Word for word, restate the lines from the one containing "auf biodiversitylibrary.org: [206]" through the last line of the material, and include no pictures.

**INFORMATION PROVIDED:**

++++++++

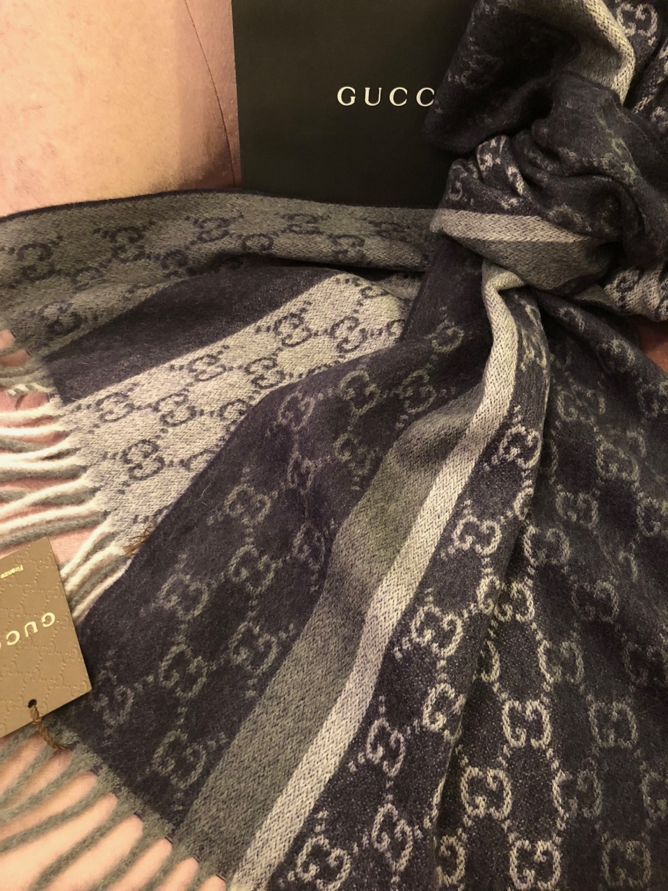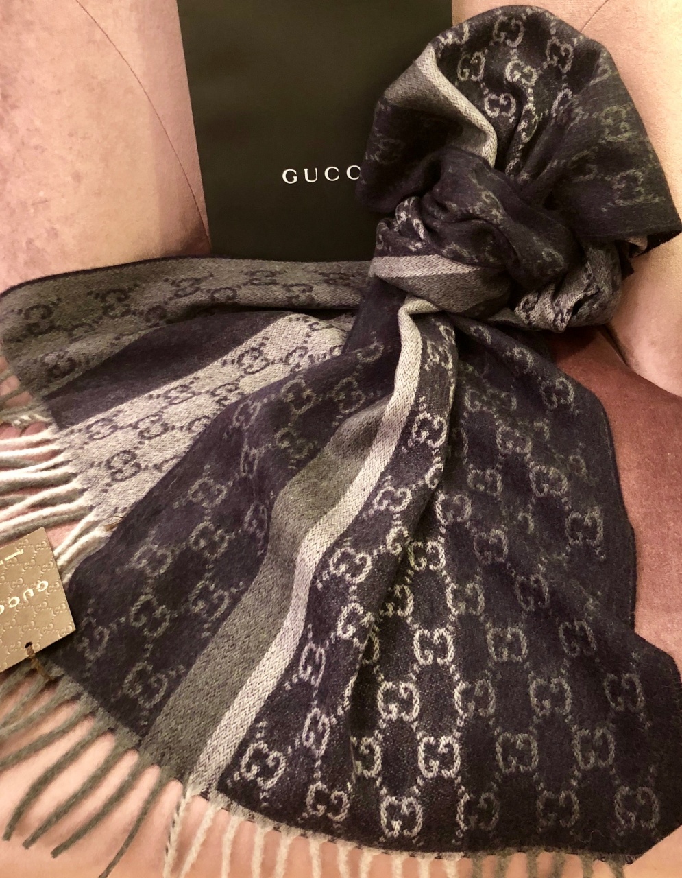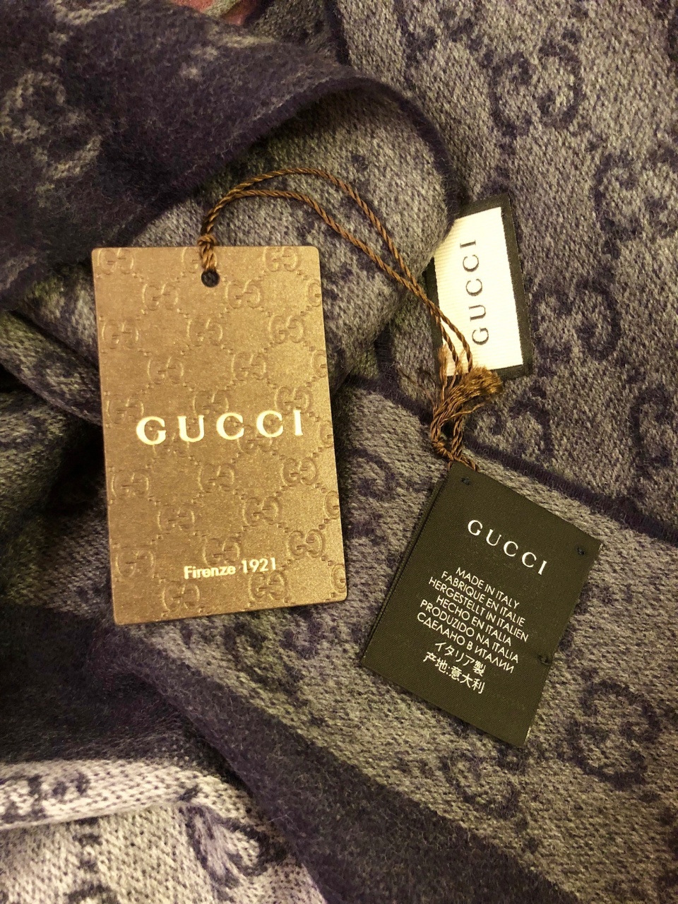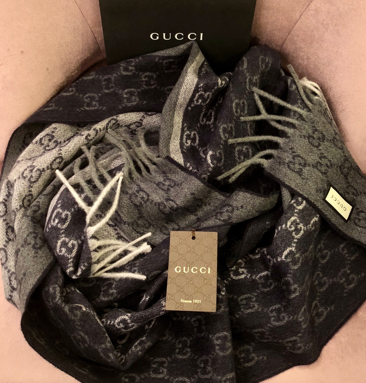 Шарф ⭐️ GUCCI ⭐️ Теплый, 50% КАШЕМИР 50% ШЕРСТЬ. Синие-фиалковый рисунок GG-Supreme, серая лента Web
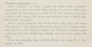 • Erstbeschreibung: Edwards, W. H. (1876): Description of new species of Diurnal Lepidoptera, found within the United States and British N. A. — Transactions of the American Entomological Society 5: 202-208. — Digitalisat auf biodiversitylibrary.org: [206]
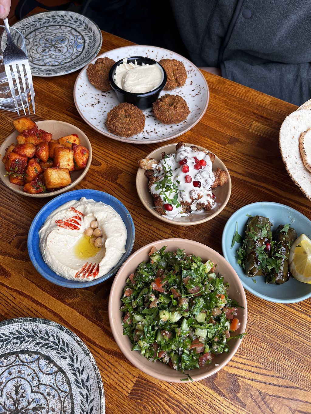 Serves meat, vegan options available. Middle Eastern restaurant offering vegan dishes such as classic zaatar, hummus, baba ghanoush, batata harah, stuffed vine leaves, falafel, cauliflower fritters, and vegan mezze. Open Mon 12:00-21:30, Tue-Fri 17:00-22:00, Sat-Sun 12:00-22:30.
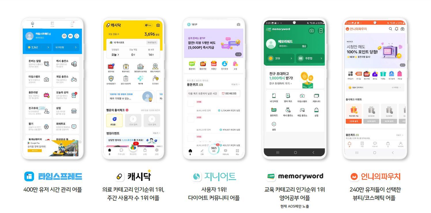 캐시워크(돈버는라방), 타임스프레드, 캐시닥, 지니어트, 메모리워드, 언니의파우치

++++++++

**TASK RESULT:**
 • Erstbeschreibung: Edwards, W. H. (1876): Description of new species of Diurnal Lepidoptera, found within the United States and British N. A. — Transactions of the American Entomological Society 5: 202-208. — Digitalisat auf biodiversitylibrary.org: [206]
 Serves meat, vegan options available. Middle Eastern restaurant offering vegan dishes such as classic zaatar, hummus, baba ghanoush, batata harah, stuffed vine leaves, falafel, cauliflower fritters, and vegan mezze. Open Mon 12:00-21:30, Tue-Fri 17:00-22:00, Sat-Sun 12:00-22:30.
 캐시워크(돈버는라방), 타임스프레드, 캐시닥, 지니어트, 메모리워드, 언니의파우치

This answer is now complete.